Both elements are inserted into the hash table. No matter which direction a packet comes from, the kernel can calculate the hash value and find this nf_conn structure.

2. status: The Connection State Machine

This is a bitmap. When a connection is first created, it might be in the IP_CT_NEW state; once both sides have successfully communicated (e.g., the TCP handshake is complete, or a UDP reply has been received), it transitions to IP_CT_ESTABLISHED.

You can see the ip_conntrack_info enumeration in include/uapi/linux/netfilter/nf_conntrack_common.h, which defines all possible states.

3. master: The Master-Slave Relationship

This pointer points to the "master connection." What does this mean? Consider the FTP protocol: it runs a control connection on the well-known port 21, but data transfers use separate ports. The kernel knows that the connection on port 21 is the "boss," and the dynamically opened data connection is the "minion." master is the pointer that allows the minion to find its boss.

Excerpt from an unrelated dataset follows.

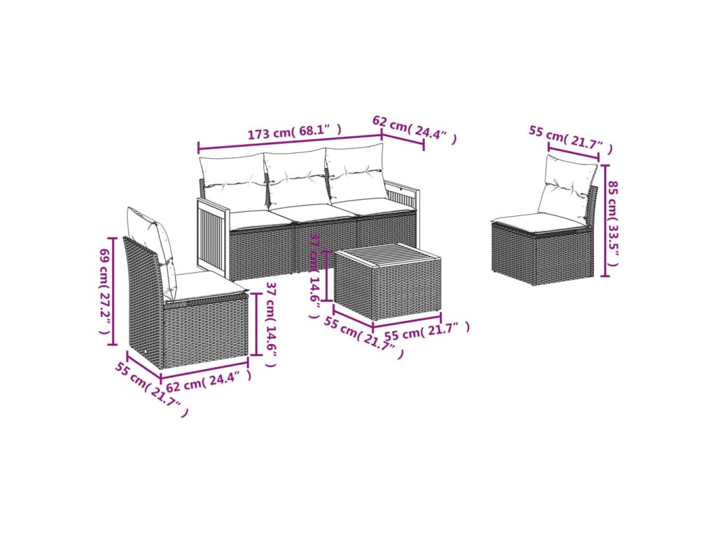 Tato zahradní sedací souprava je dokonalým doplňkem vaší zahrady, terasy nebo dvorku a poskytne vám pohodlné a příjemné místo, kde si můžete povídat s rodinou a přáteli nebo jen tak odpočívat a užívat si pobyt venku.

This is typically set by the init_conntrack() method when it discovers that a packet matches an "expected connection."

4. timeout: The Ticking Time Bomb

Connections don't exist forever. Every nf_conn has a timer attached to it. If no traffic is seen for a period of time, the timer expires, the connection is destroyed, and its memory is reclaimed.

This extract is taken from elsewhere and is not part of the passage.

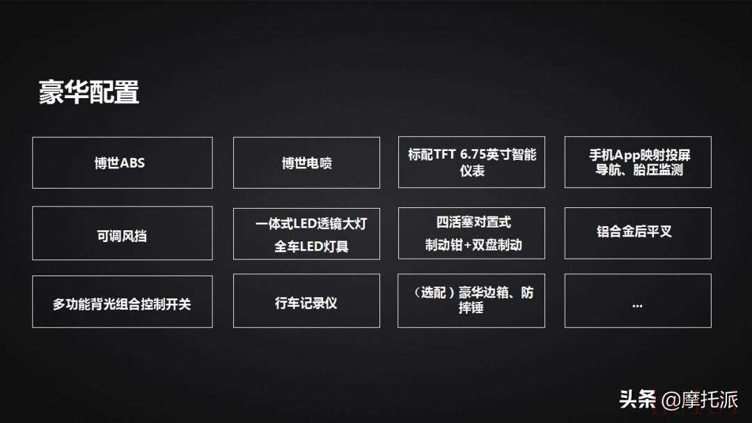 其他配置方面,RG3標(biāo)配博世雙通道ABS系統(tǒng)、博世電噴,前制動(dòng)采用雙浮動(dòng)盤配對(duì)四卡鉗,鋁合金搖臂及其他多處鋁合金部件;標(biāo)配TFT 6.75英寸智能儀表,具有手機(jī)App映射投屏功能,風(fēng)擋采用可調(diào)式設(shè)計(jì),標(biāo)配胎壓監(jiān)測(cè)、一體式LED透鏡大燈、全車LED燈具等。

For UDP: If no reply is received, the timeout is short; if both sides are exchanging packets, the timeout is longer.
When we call __nf_conntrack_alloc() to allocate this object, the timer is set to death_by_timeout()—which sounds pretty hardcore.

5. ext and proto: Extensibility

ext: Points to an extension area. Some modules need to store private data in the connection tracking entry (e.g., timestamps, billing information). Instead of modifying the main structure, they can just hang it here.
proto: This is a union reserved for protocol layers (TCP/UDP/ICMP) to store their own private data. Placing it at the end avoids wasting memory space due to padding.

The Entry Point for Connection Tracking: `nf_conntrack_in()`

Now that we've seen the structure, let's look at how the kernel actually uses it. When a packet enters the Netfilter framework and connection tracking is enabled, it ultimately calls nf_conntrack_in().

This function is essentially the central nervous system of the entire conntrack subsystem.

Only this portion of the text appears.